Oxygen Media CEO Geraldine Laybourne said her channel would never have gotten off the ground in an a la carte model because people wouldn’t have given it a chance. “A la carte is not the answer. In fact, it’s one of the worst ideas I've ever heard,” she said. Emerging networks couldn’t get financing, resulting in fewer channels and original programming, and consumers would pay more for less, Laybourne said. And to survive now, she said, her company would have to triple the amount spent to continue marketing itself. She said she would be forced to dramatically reduce the channel’s budget for original, independent programming. “The idea that we would have to spend that money for marketing is an abomination,” she said.

Earlier, executives of consulting firm Booz Allen Hamilton presented findings from a study of a la carte produced for NCTA. The study showed, among other things, that, with mandatory a la carte, 1/2-3/4 of emerging networks would go out of business or be bought by larger networks, leading to further industry consolidation. They said that after broadcast basic, consumers could only pick up to 6 channels before their bill would top what they pay today for a much larger bundle of channels. Media Bureau Chief Kenneth Ferree said he thought the study took for granted the idea that ad dollars would automatically fall, which he questioned.

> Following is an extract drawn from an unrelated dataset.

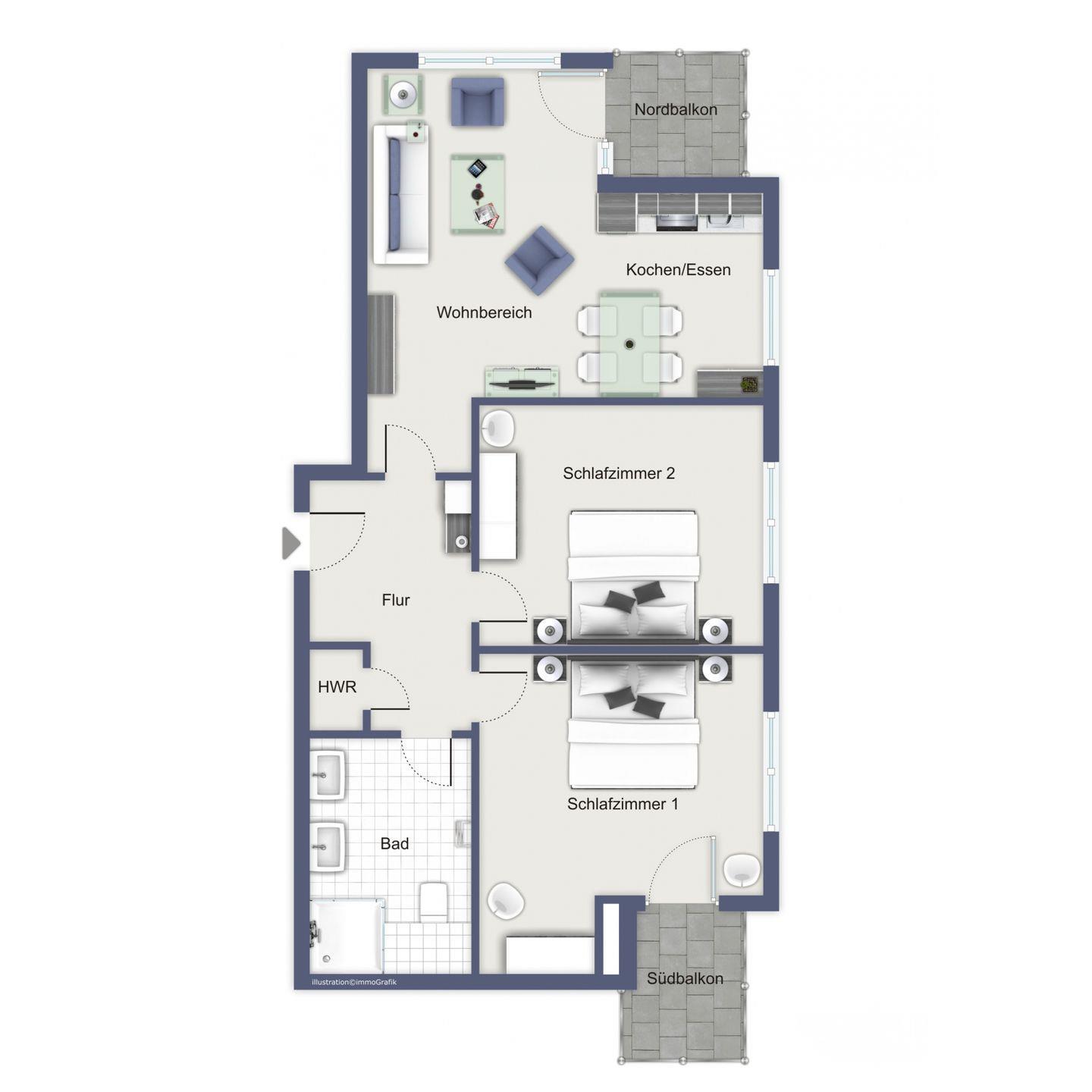 Die Ferienwohnung 313 in der Villa Hanse ist eine 3-Zimmer-Wohnung mit einer Größe von etwa 57 m². Zu der Wohnung gehören zwei Balkone.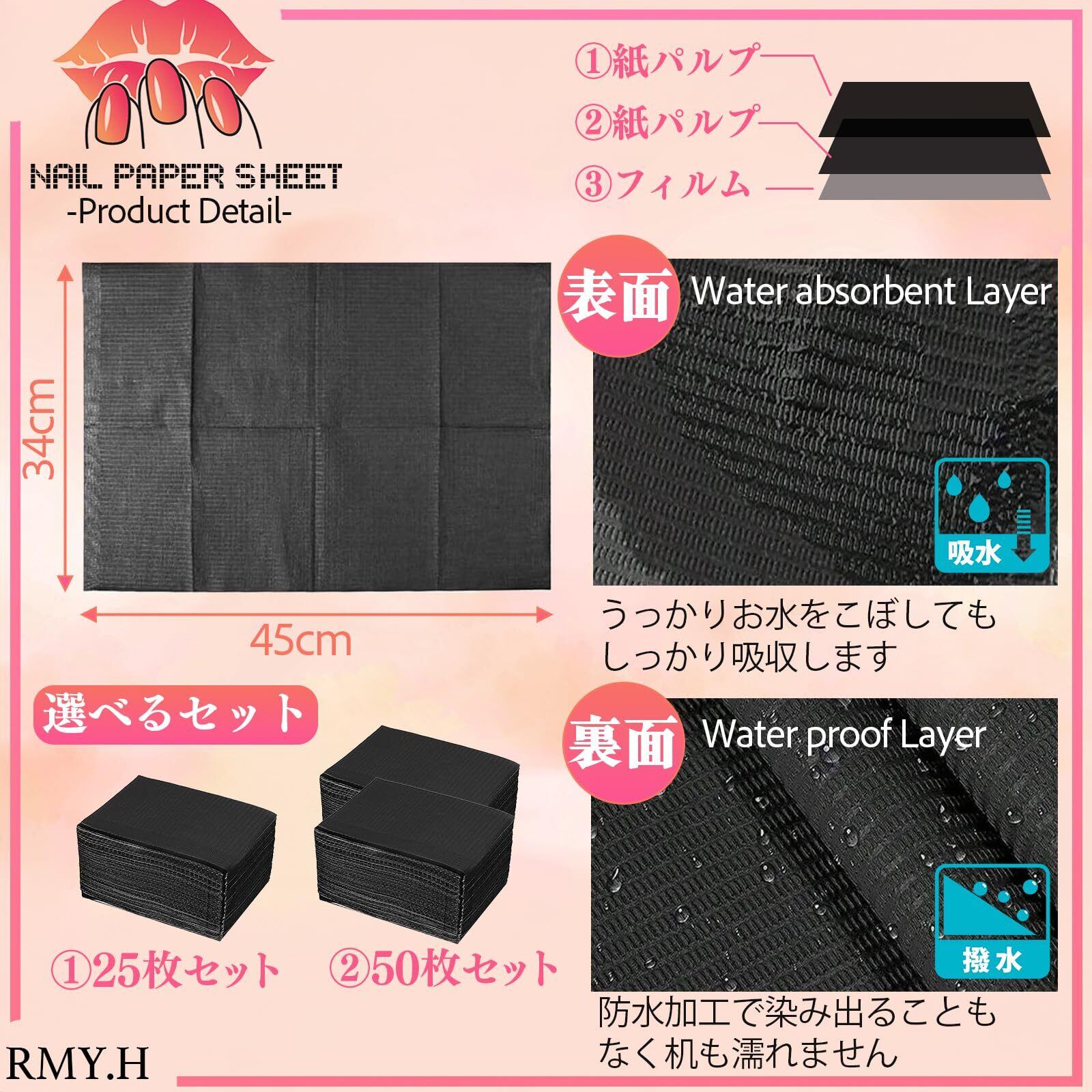 ネイル施術中の机汚れや水濡れ、削りカスの片付けに悩んでいませんか?RMY.Hのネイルペーパーシートは、防水仕様で液体やダストをしっかりガード。使い捨てタイプだから、サロンや自宅ネイル後の片付けがぐっと時短に。黒色で汚れが目立ちにくく、清潔感を保ちながら作業効率もアップ。ネイル検定や出張施術、イベントなど様々なシーンで活躍します。衛生的でスマートな施術環境を、この一枚から始めませんか? 【防水&衛生的】液体やダストから机を守る防水ネイルペーパーシート。施術後の清掃も簡単で、衛生管理にこだわる方に最適。

Rogers Vice Chmn. Philip Lind said cable is heavily regulated in Canada, but when pressed on why Rogers offered a la carte pricing, he conceded the company did choose to do so. Nevertheless, Lind said Canadian consumers can get a la carte choices only when they get digital service in addition to analog. He said there was a low take rate for the service and it wasn’t nearly as popular as analog. The Canadian govt. mandates that the channels on basic analog be carried, and the channels include programming native to Canada. He said customer service costs have gone up in the 3 years since a la carte digital was introduced, but not prohibitively. He told Ferree that it would be difficult to make a direct comparison since Canada’s system is more regulated.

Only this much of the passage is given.